Re: [PATCH v4 2/3] x86/xen/time: setup vcpu 0 time info page

From: Joao Martins
Date: Thu Sep 28 2017 - 06:17:27 EST


On 09/28/2017 12:46 AM, Joao Martins wrote:
> On 09/27/2017 11:44 PM, Boris Ostrovsky wrote:
>> On 09/27/2017 04:57 PM, Joao Martins wrote:
>>> On 09/27/2017 09:22 PM, Boris Ostrovsky wrote:
>>>> On 09/27/2017 11:26 AM, Joao Martins wrote:
>>>>> On 09/27/2017 03:40 PM, Boris Ostrovsky wrote:
>>>>>>> +static void xen_setup_vsyscall_time_info(void)
>>>>>>> +{
>>>>>>> + struct vcpu_register_time_memory_area t;
>>>>>>> + struct pvclock_vsyscall_time_info *ti;
>>>>>>> + struct pvclock_vcpu_time_info *pvti;
>>>>>>> + int ret;
>>>>>>> +
>>>>>>> + pvti = &__this_cpu_read(xen_vcpu)->time;
>>>>>>> +
>>>>>>> + /*
>>>>>>> + * We check ahead on the primary time info if this
>>>>>>> + * bit is supported hence speeding up Xen clocksource.
>>>>>>> + */
>>>>>>> + if (!(pvti->flags & PVCLOCK_TSC_STABLE_BIT))
>>>>>>> + return;
>>>>>>> +
>>>>>>> + pvclock_set_flags(PVCLOCK_TSC_STABLE_BIT);
>>>>>> Is it OK to have this flag set if anything below fails?
>>>>>>
>>>>> Yes - if anything below fails it will only affect userspace mapped page.
>>>> Then should it be set somewhere else, like in xen_time_init()?
>>>>
>>> Hm, I could move it if you think it's better - but given the importance of the
>>> bit we are checking and its direct correlation to whether or not we can setup
>>> VCLOCK_PVCLOCK then I find it cleaner to have it here in the same routine. One
>>> thing I failed to mention before is that checking ahead like above, let us also
>>> avoid allocating a page plus an hypercall to register the pvti just to check the
>>> one bit of info we need for using VCLOCK_PVCLOCK.
>>>
>>> It is very unlikely with current Xen code that 1) the secondary copy register
>>> below fails, or 2) master and secondary don't have the same bits set. So in case
>>> you're reconsidering the "shortcut" check above I can move it like we had in v1
>>> and have pvclock_set_flags right before pvclock_set_pvti_cpu0_va().
>>
>> I think it would be more logical to move it to the end like in v1.
>>
>> But can you explain again why this flag should not be set in
>> xen_time_init()?
>
> I didn't say we shouldn't have this flag there - I was just pointing out a
> matter of taste on whether to put on xen_time_init() or in
> xen_setup_vsyscall_time_info() (which is called from xen_time_init btw) so
> there's no functional change.
>
To be clear, in this paragraph when I say on xen_setup_vsyscall_time_info() I
mean like it is described in this patch i.e. in the beginning of the routine.

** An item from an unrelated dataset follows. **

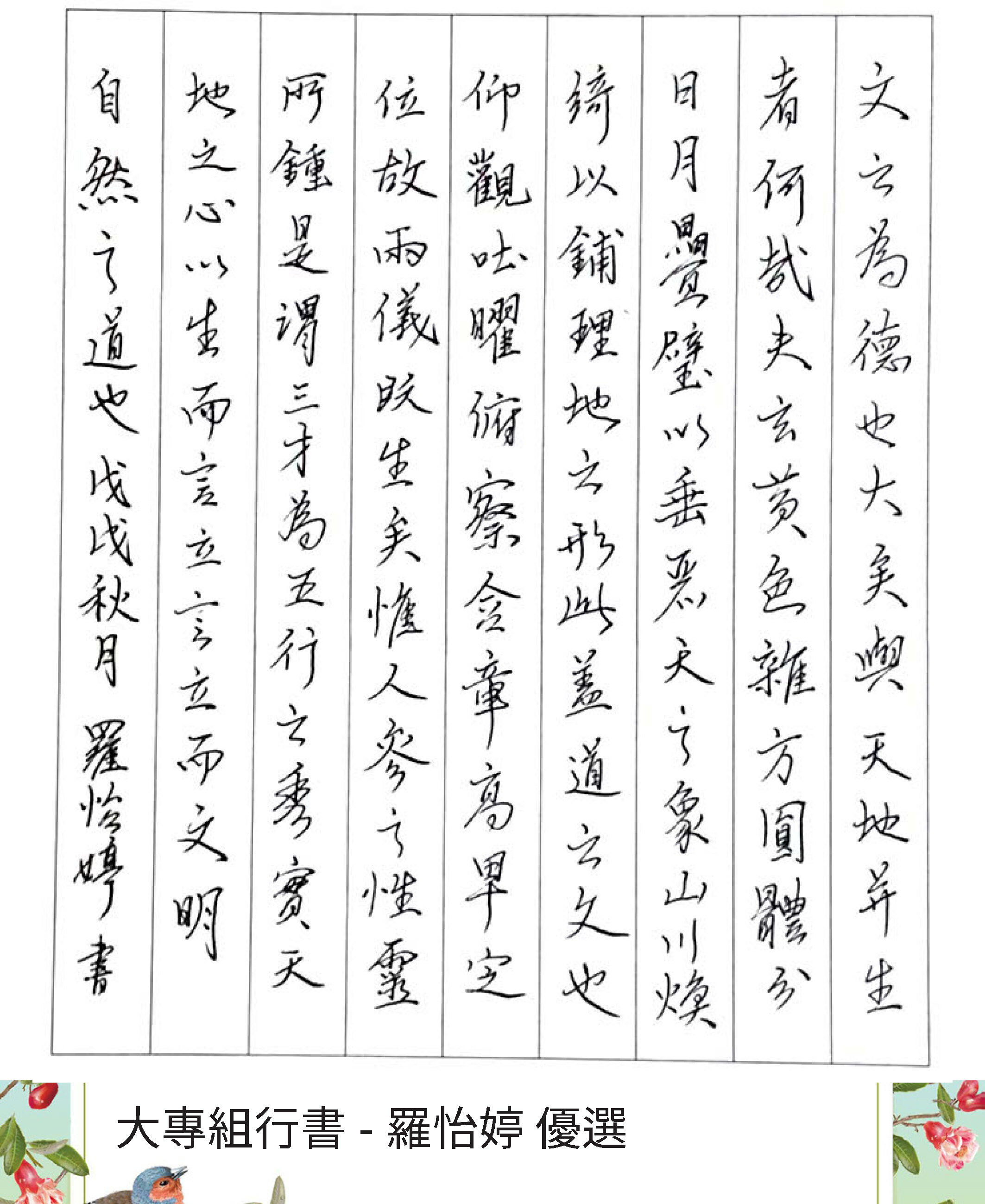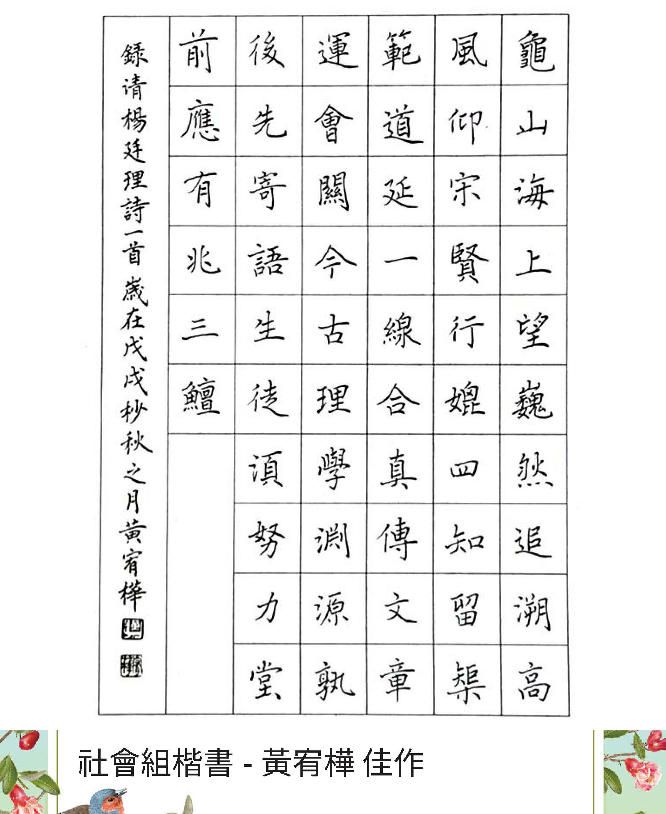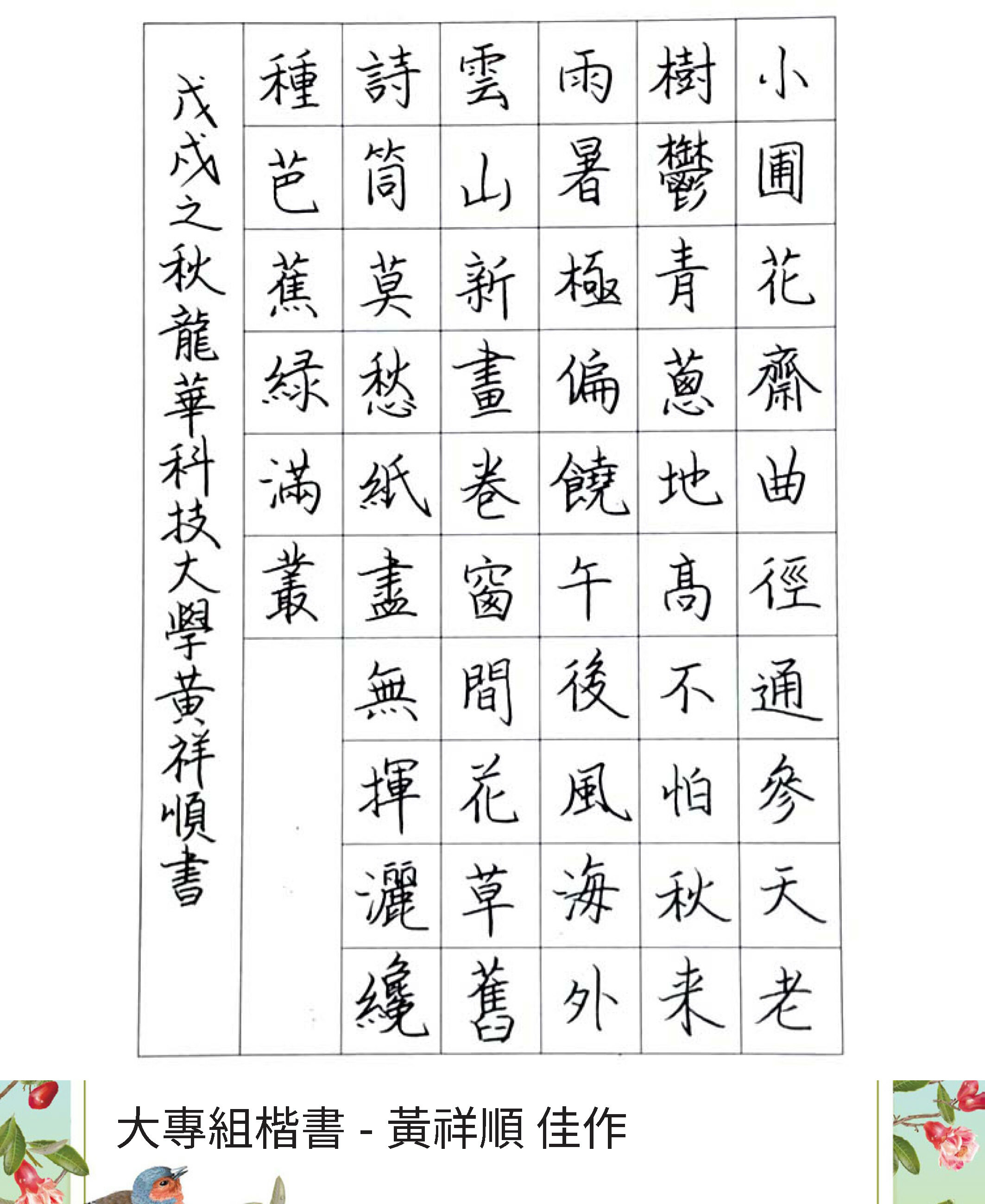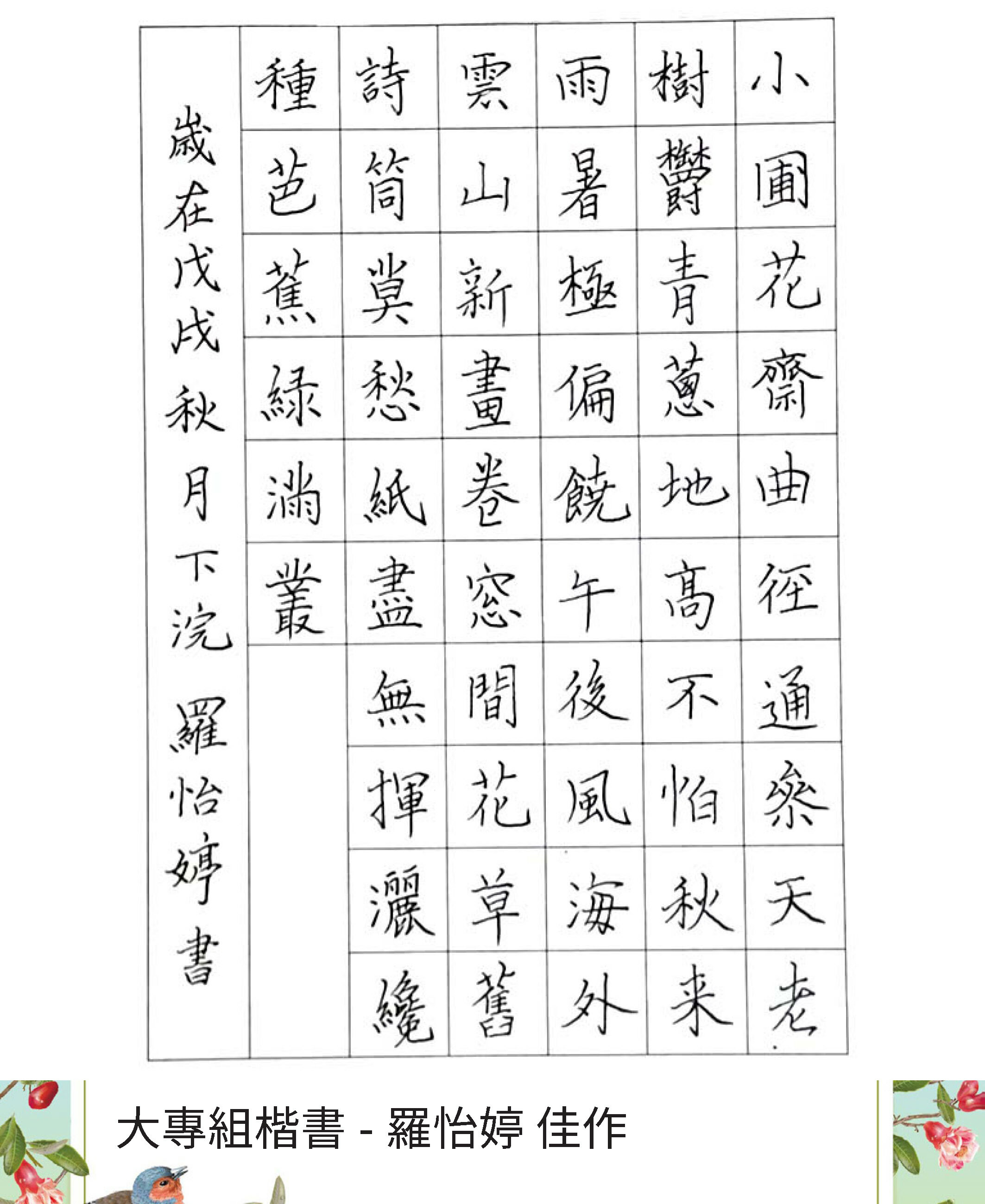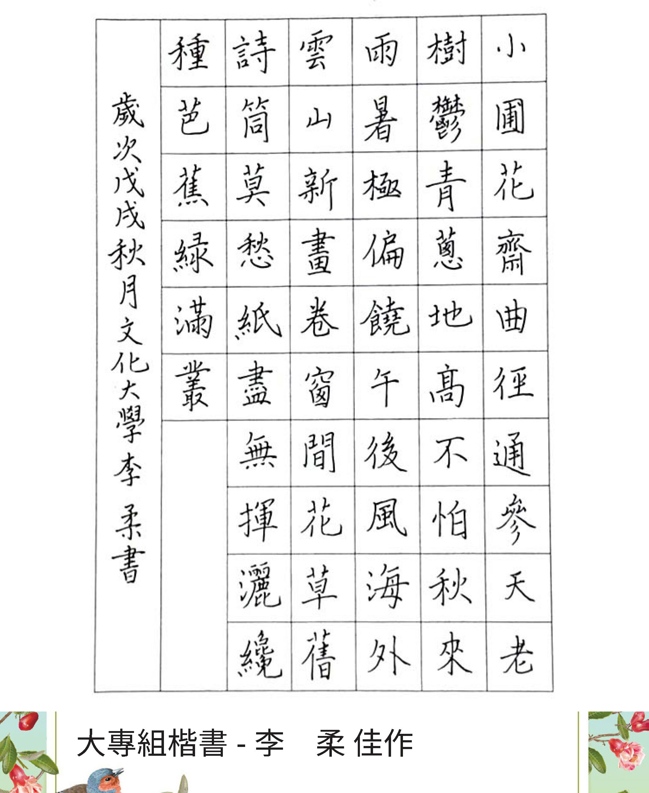 大專組楷書

>> It seems to me that it would be useful not just for
>> vDSO but for xen_clocksource_read()->pvclock_clocksource_read() as well.
>
> Right - That's what I mentioned by "allowing xen clocksource to use/check that
> bit (consequently speeding up sched_clock)". The above chunk is really focused
> on enabling the flag on pvclock_clocksource_read().
>
>>>
>>>>> What I
>>>>> do above is just allowing xen clocksource to use/check that bit (consequently
>>>>> speeding up sched_clock) given the necessary support is there in the master
>>>>> copy. The secondary copy (i.e. what's being set up below, mapped/used in vdso)
>>>>> has the same data from the master copy, just separate memory regions. The checks
>>>>> below are just for the unlikely cases of failing to register the secondary copy
>>>>> or if its content were to differ from master copy in future releases - and
>>>>> therefore we handle those more gracefully.
>>>>>
>>>>>> (I can see in the changelog that apparently at some point I've asked
>>>>>> about this at v1 but I can't remember/find what exactly it was)
>>>>>>
>>>>>>> +
>>>>>>> + ti = (struct pvclock_vsyscall_time_info *)get_zeroed_page(GFP_KERNEL);
>>>>>>> + if (!ti)
>>>>>>> + return;
>>>>>>> +
>>>>>>> + t.addr.v = &ti->pvti;
>>>>>>> +
>>>>>>> + ret = HYPERVISOR_vcpu_op(VCPUOP_register_vcpu_time_memory_area, 0, &t);
>>>>>>> + if (ret) {
>>>>>>> + pr_notice("xen: VCLOCK_PVCLOCK not supported (err %d)\n", ret);
>>>>>>> + free_page((unsigned long)ti);
>>>>>>> + return;
>>>>>>> + }
>>>>>>> +
>>>>>>> + /*
>>>>>>> + * If the check above succedded this one should too since it's the
>>>>>>> + * same data on both primary and secondary time infos just different
>>>>>>> + * memory regions. But we still check it in case hypervisor is buggy.
>>>>>>> + */
>>>>>>> + pvti = &ti->pvti;
>>>>>>> + if (!(pvti->flags & PVCLOCK_TSC_STABLE_BIT)) {
>>>>>>> + t.addr.v = NULL;
>>>>>>> + ret = HYPERVISOR_vcpu_op(VCPUOP_register_vcpu_time_memory_area,
>>>>>>> + 0, &t);
>>>>>>> + if (!ret)
>>>>>>> + free_page((unsigned long)ti);
>>>>>>> +
>>>>>>> + pr_notice("xen: VCLOCK_PVCLOCK not supported (tsc unstable)\n");
>>>>>>> + return;
>>>>>>> + }
>>>>>>> +
>>>>>>> + xen_clock = ti;
>>>>>>> + pvclock_set_pvti_cpu0_va(xen_clock);
>>>>>>> +
>>>>>>> + xen_clocksource.archdata.vclock_mode = VCLOCK_PVCLOCK;
>>>>>>> +}
>>>>>>> +
>>